WORK INSTRUCTIONS:
The line containing "Manifestanţii veniţi din" marks the end; write out exactly every line from the start of the data up to and including it, without the pictures.

[Records from a data collection]
━━━━━━━━━━━━━━━━

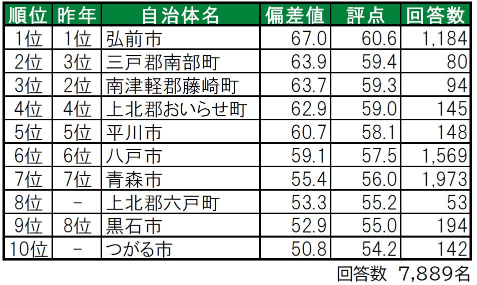 4年連続で弘前市が1位で、「住みここち」でも1位に輝いています。2位は三戸郡南部町、3位は南津軽郡藤崎町です。トップ10内では、8位に初登場の上北郡六戸町(かみきたぐん ろくのへまち)がランクインしています(昨年は累計回答者数が50名未満でランキングの集計対象外)。
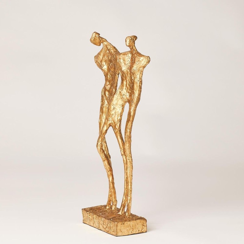 Description: Dramatic cast iron sculpture with a gold leaf finish of two interacting figures. We speculate their closeness leads them to be a couple in love.
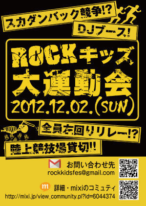 **2012/11/29** 二次会についての案内追加!! 重要なのでチェックしてね!! **2012/11/28** ★プログラム★ ♪タイムテーブル⇒http://fast-uploader.com/file/6909664788470/ ♪個人種目参加者一覧⇒http://fast-uploader.com/file/6909755757001/ 11/29赤一部更新 ♪種目別ルール説明⇒http://fast-uploader.com/file/6909844543995/ ♪左回りリレー走順エントリーシート【見本】⇒http://fast-uploader.com/file/6909666553483/ ♪持ち物・注意事項⇒http://fast-uploader.com/file/6909665543990/ 当日競技場でのプログラム
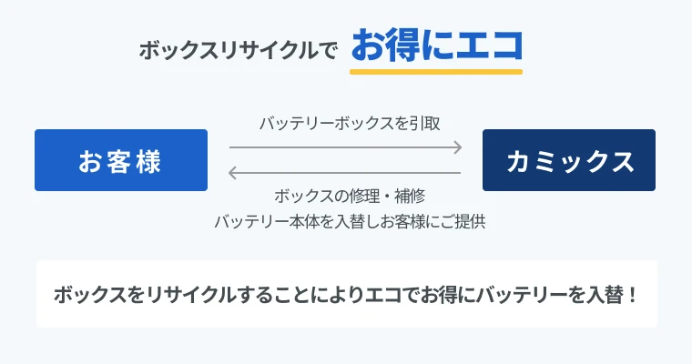バッテリーボックスを引取りリサイクルすることにより環境にもエコ。
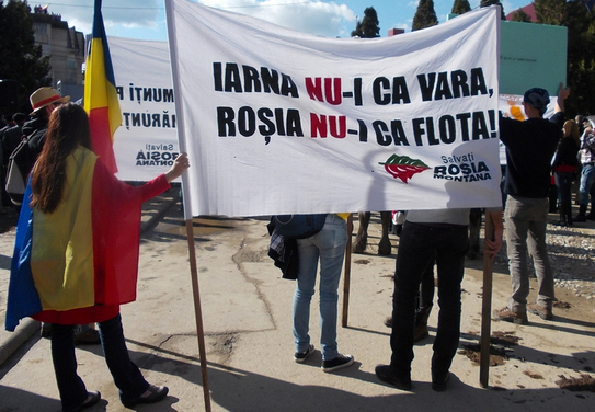 Manifestanţii veniţi din diverse oraşe ale ţării, incluzând Cluj Napoca, Bistriţa, Oradea, Bucureşti, Sibiu, Braşov, Timişoara, s-au “înarmat” cu costume populare, bannere, fluiere, buciume din plastic, clopote, aparate foto şi mai ales cu un spirit înflăcărat şi dornic să facă ceva pentru ţara lor. Printre sloganele strigate sau scrise pe bannere au fost “Nu corporaţia face legislaţia”, “Uniţi salvăm Roşia Montană”, “Uniţi salvăm Munţii Apuseni”, “După mină, potopul!”, “Nu dăm aurul din munţi pe cianuri şi bani mărunţi.”
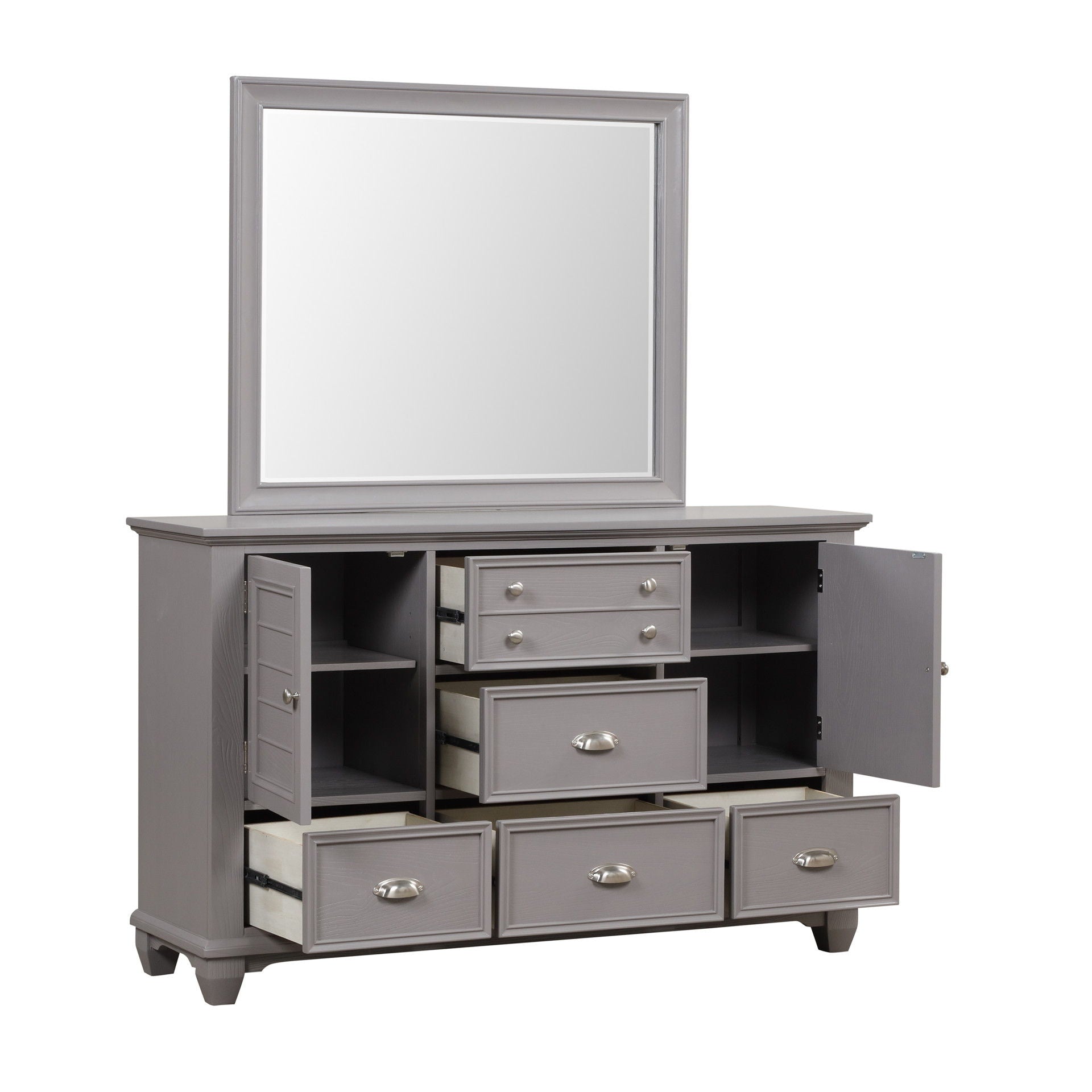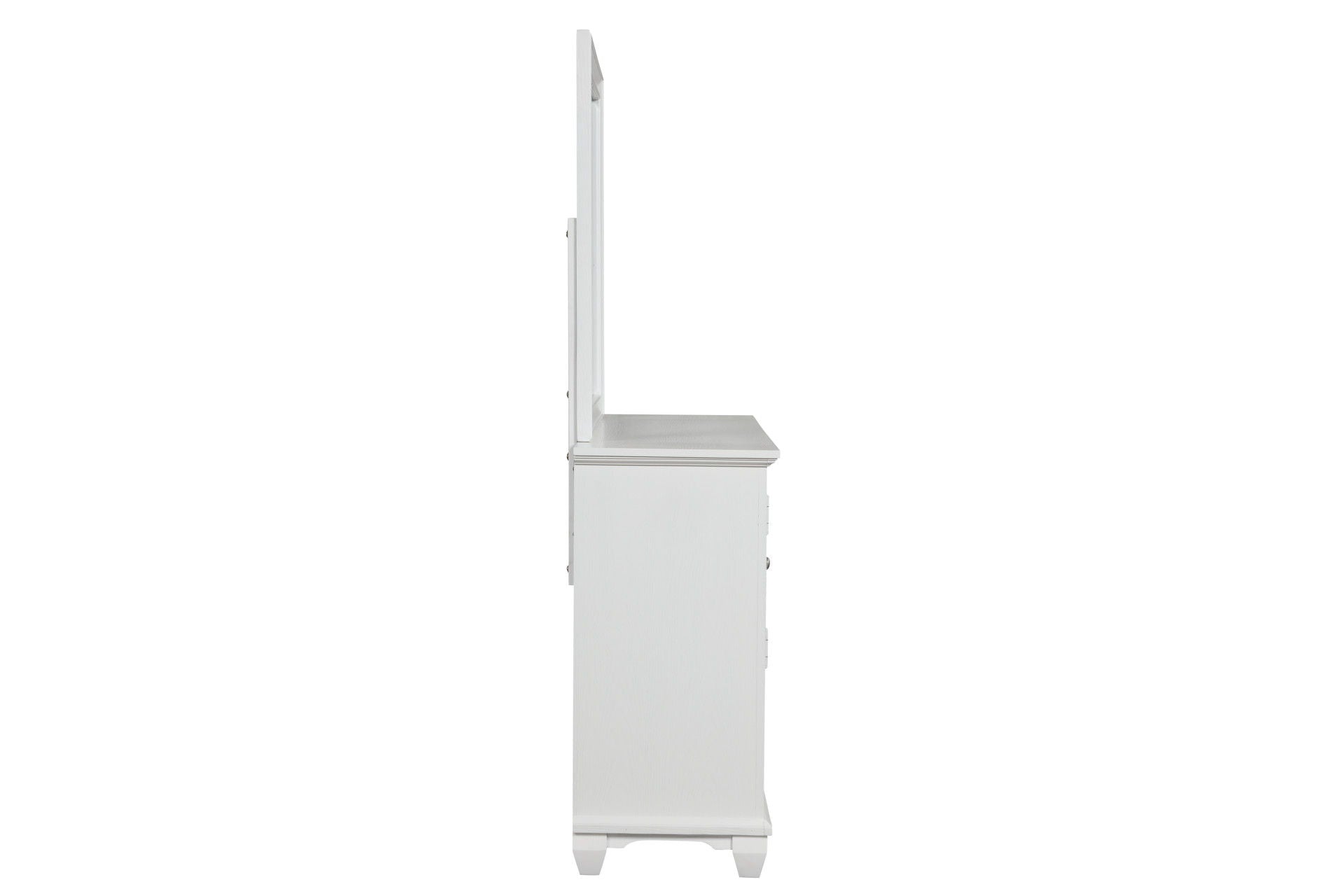 The Jamestown Dresser Mirror is a perfect blend of durability and style, designed to complement any bedroom decor. Expertly crafted from solid Acacia, premium manufactured woods, and authentic Oak veneers, this mirror ensures long-lasting durability while maintaining the natural elegance of real wood. The Jamestown collection exudes modern coastal charm with its clean, contemporary lines and crisp, brushed finish, bringing a serene, beach-inspired ambiance to your space. The mirror features a pristine, low-distortion beveled glass that is beautifully encased in picture frame-style moldings, offering a clean and sophisticated look that enhances the overall aesthetic of any room. This elegant mirror not only serves as a functional piece but also adds a touch of refinement to your bedroom.
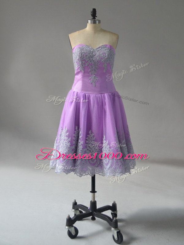 Fitting Lavender Lace Up Sweetheart Appliques and Embroidery Prom Party Dress Tulle Sleeveless
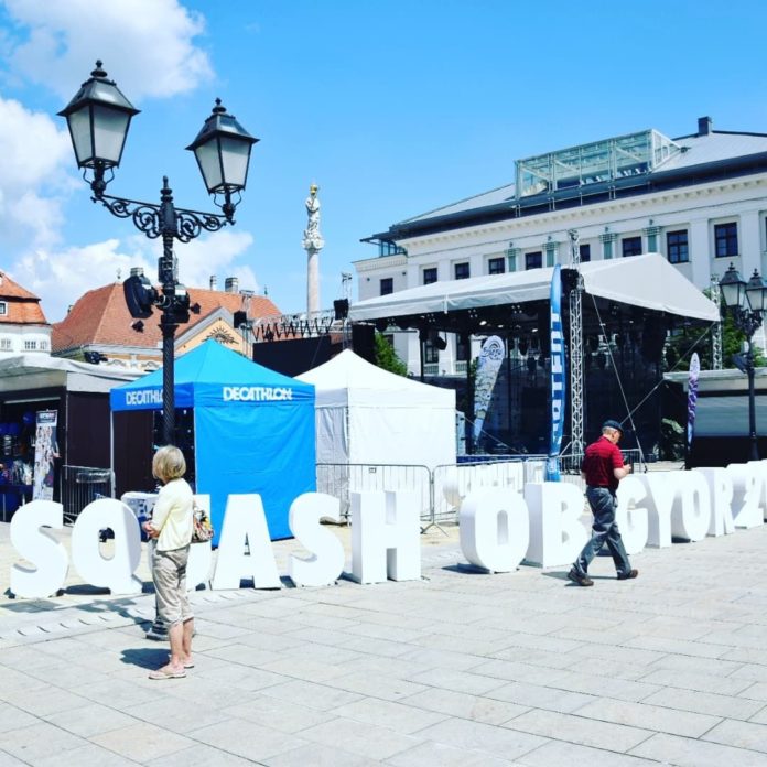 Am Wochenende trafen sich zahlreiche Sportler in Györ um bei der Landesmeisterschaften im Squash teilzunehmen. Der Austragungsort diesmal spektakulär mitten auf dem Hauptplatz in Györ. Somit rachte man auch einige Zuschauer für die doch eher seltenere Sportart heran. Bei warmem Wetter wurde ordentlich geschwitzt. Übrigens wurden auch Dart und Tischtennisturniere durchgeführt. Ein sportliches Wochenende mitten auf dem Hauptplatz.
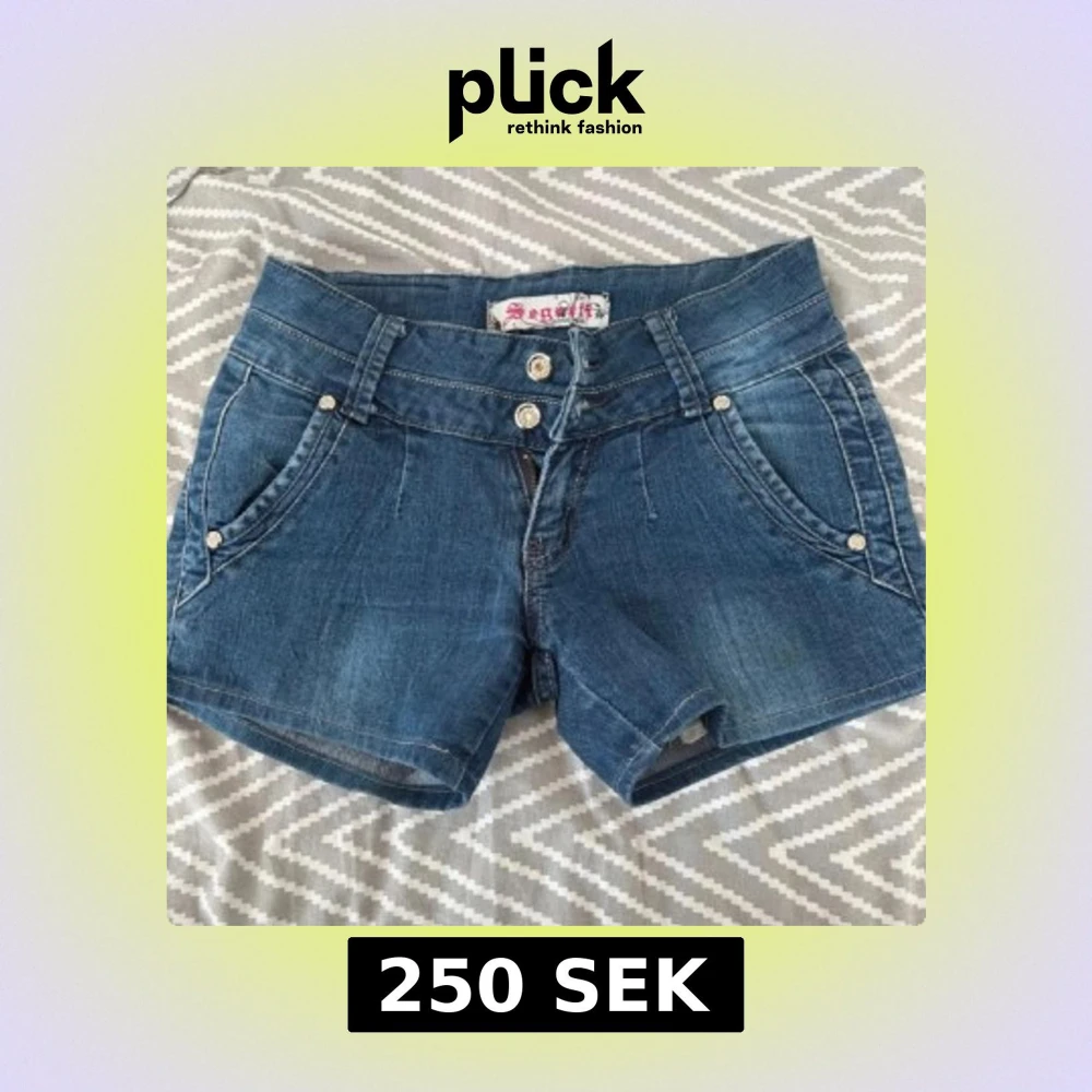 As snygga mörkblåa och lågmidjade jeansshorts. Oanvända då de e fel storlek. 2 knappar framme och fina detaljer där bak. Storlek Xs kanske S.

━━━━━━━━━━━━━━━━

ANSWER FOR THIS EXERCISE:
 4年連続で弘前市が1位で、「住みここち」でも1位に輝いています。2位は三戸郡南部町、3位は南津軽郡藤崎町です。トップ10内では、8位に初登場の上北郡六戸町(かみきたぐん ろくのへまち)がランクインしています(昨年は累計回答者数が50名未満でランキングの集計対象外)。
 Description: Dramatic cast iron sculpture with a gold leaf finish of two interacting figures. We speculate their closeness leads them to be a couple in love.
 **2012/11/29** 二次会についての案内追加!! 重要なのでチェックしてね!! **2012/11/28** ★プログラム★ ♪タイムテーブル⇒http://fast-uploader.com/file/6909664788470/ ♪個人種目参加者一覧⇒http://fast-uploader.com/file/6909755757001/ 11/29赤一部更新 ♪種目別ルール説明⇒http://fast-uploader.com/file/6909844543995/ ♪左回りリレー走順エントリーシート【見本】⇒http://fast-uploader.com/file/6909666553483/ ♪持ち物・注意事項⇒http://fast-uploader.com/file/6909665543990/ 当日競技場でのプログラム
バッテリーボックスを引取りリサイクルすることにより環境にもエコ。
 Manifestanţii veniţi din diverse oraşe ale ţării, incluzând Cluj Napoca, Bistriţa, Oradea, Bucureşti, Sibiu, Braşov, Timişoara, s-au “înarmat” cu costume populare, bannere, fluiere, buciume din plastic, clopote, aparate foto şi mai ales cu un spirit înflăcărat şi dornic să facă ceva pentru ţara lor. Printre sloganele strigate sau scrise pe bannere au fost “Nu corporaţia face legislaţia”, “Uniţi salvăm Roşia Montană”, “Uniţi salvăm Munţii Apuseni”, “După mină, potopul!”, “Nu dăm aurul din munţi pe cianuri şi bani mărunţi.”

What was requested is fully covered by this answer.